Addendum: Starting with $.95 = P(L < T/\theta < U) = P(T/U < \theta < T/L),$ a two-sided 95% confidence interval for $\theta$ would be $(271.1,\, 39\,497.9).$ This is a very long interval, but one observation does not provide much information.

1000/qexp(c(.975,.025))
[1]   271.085 39497.890

Answer 2

If $T$ is exponential with mean $\theta$, then a pivot for $\theta$ is simply $\frac{T}{\theta}\sim \mathsf{Exp}(1)$, or equivalently $\frac2{\theta} T \sim \chi^2_2$.

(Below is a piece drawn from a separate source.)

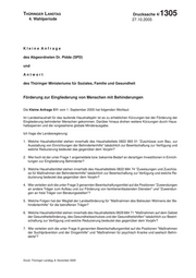 "content": "THÜRINGERLandtag Thüringer LANDTAG - 4. Wahlperiode Drucksache 4/ 1305 4. Wahlperiode 27.10.2005 Kleine Anfrage des Abgeordneten Dr. Pidde (SPD) und Antwort des Thüringer Ministeriums für Soziales, Familie und Gesundheit Förderung zur Eingliederung von Menschen mit Behinderungen Die Kleine Anfrage 511 vom 1. September 2005 hat folgenden Wortlaut: Im Landeshaushalt für das laufende Haushaltsjahr ist es zu erheblichen Kürzungen bei der Förderung der Eingliederung behinderter Menschen gekommen. Darüber hinaus drohen weitere Kürzungen durch Haus- haltssperren und die vorgesehene globale Minderausgabe. Ich frage die Landesregierung: 1. Welche Haushaltsmittel stehen innerhalb des Haushaltstitels 0822 893 01 \"Zuschüsse zum Bau, zur Ausstattung von Einrichtungen der Behindertenhilfe\" tatsächlich zur Bewirtschaftung zur Verfügung und welche Reduzierung bedeutet das gegenüber dem Vorjahr? 2. Wie hoch ist der unter Frage 1 angemeldete bzw. bekannte Bedarf an derartigen Investitionen in Einrich- tungen zur Eingliederung Behinderter? 3. Welche Haushaltsmittel stehen innerhalb des Haushaltstitels 0822 684 74 \"Zuweisungen und Zuschüs- se für Maßnahmen der Behindertenhilfe\" tatsächlich zur Bewirtschaftung zur Verfügung und welche Re- duzierung bedeutet das gegenüber dem Vorjahr? 4. Wie verteilen sich die unter Frage 3 genannten Bewirtschaftungsmittel auf die Positionen \"Zuwendungen an andere Träger zum Aufbau und zur Förderung von familienentlastenden Diensten\" und \"Zuwendun- gen an freie Träger von Beratungsstellen\"? 5. Welche Folgen hat der Wegfall der Landesförderung für \"Maßnahmen des Betreuten Wohnens der Be- hindertenhilfe\" für die betroffenen Träger? 6. Welche Haushaltsmittel stehen innerhalb des Haushaltstitels 0829 684 71 \"Maßnahmen auf dem Gebiet der Gesundheitsförderung, des Gesundheitsschutzes und der Gesundheitshilfen\" tatsächlich zur Bewirt- schaftung zur Verfügung und welche Reduzierung bedeutet das gegenüber dem Vorjahr? 7. Wie verteilen sich die unter Frage 6 genannten Bewirtschaftungsmittel auf die Positionen \"Maßnahmen der Suchtprävention und der Drogenhilfe\" und \"Maßnahmen für psychisch Kranke und seelisch Behin- derte\"? Druck: Thüringer Landtag, 8. November 2005 1",

Suppose $\chi^2_{0.05,2}$ is the $0.95$th quantile of a $\chi^2_2$ distribution.

Then for every $\theta>0$, $$P_{\theta}\left(\frac2{\theta} T< \chi^2_{0.05,2}\right)=1-P_{\theta}\left(\frac2{\theta} T>\chi^2_{0.05,2}\right)=1-0.05=0.95$$

That is, $$P_{\theta}\left(\theta>\frac{2T}{\chi^2_{0.05,2}}\right)=0.95\quad,\,\forall\,\theta$$

Looking at a chi-square table, I find $\chi^2_{0.05,2}\approx 5.991$.

So a $95\%$ confidence interval for $\theta$ based on the data is approximately $(333.834,\infty)$.